В этой тишине скрывалось полное безразличие к любым обязательствам, крах всех ценностей, которыми я дорожил. Прежде я страстно верил в упорядоченность, выше побуждений и последствий ставил догадку и озарение, не сомневался, что, каким бы ни был мир, в нем всегда будут ценить сноровку и трудолюбие, - и вот теперь все эти убеждения, одно за другим, покидали меня. Я наблюдал, как роман, еще недавно служивший самым действенным, самым емким средством для передачи мыслей и чувств, становился теперь в руках голливудских коммерсантов формой, используемой механистическим, обобществленным искусством, и уже способен был выразить лишь мысль зауряднейшую и чувства самые примитивные. Он сделался формой, в которой слово подчинено картинке, а личность с неизбежностью превращается в мелкую деталь функционирующего механизма - коллектива. Давно, еще в 1930 году, у меня зародилось предчувствие, что с появлением звукового кино даже наиболее читаемый романист сделается такой же тенью прошлого, как немые фильмы. Правда, люди все еще читали, пусть только "книгу месяца", выбираемую профессором Кэнби; еще не перевелись любопытные, что рылись на лотках в закусочной среди дешевых книг, которыми исправно заполнял их мистер Тиффани Тэйер; но это не мешало мне болезненно ощущать унизительность и несправедливость положения, когда сила литературного слова подчиняется другой силе, более крикливой, более грубой...
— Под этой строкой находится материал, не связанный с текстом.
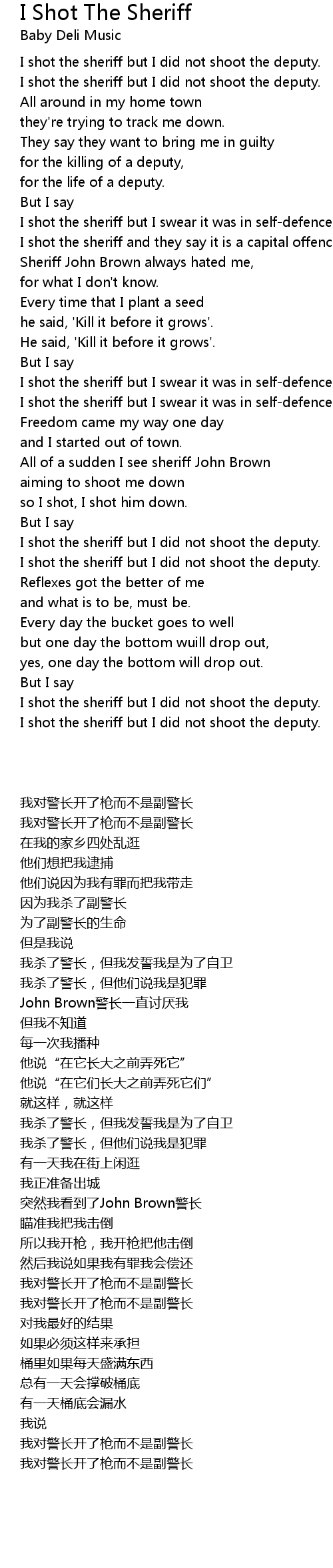 I shot the sheriff but I did not shoot the deputy. |

Все это я рассказываю лишь для того, чтобы стало ясно, что меня мучило долгими ночами, с чем я не мог ни примириться, ни бороться, что сводило на нет все мои старания, вытесняло меня из жизни, а я был бессилен, как владелец лавчонки перед объединением универсальных магазинов...
(У меня такое чувство, что я забрался на кафедру и поглядываю на часы, чтобы вовремя закончить свою лекцию...)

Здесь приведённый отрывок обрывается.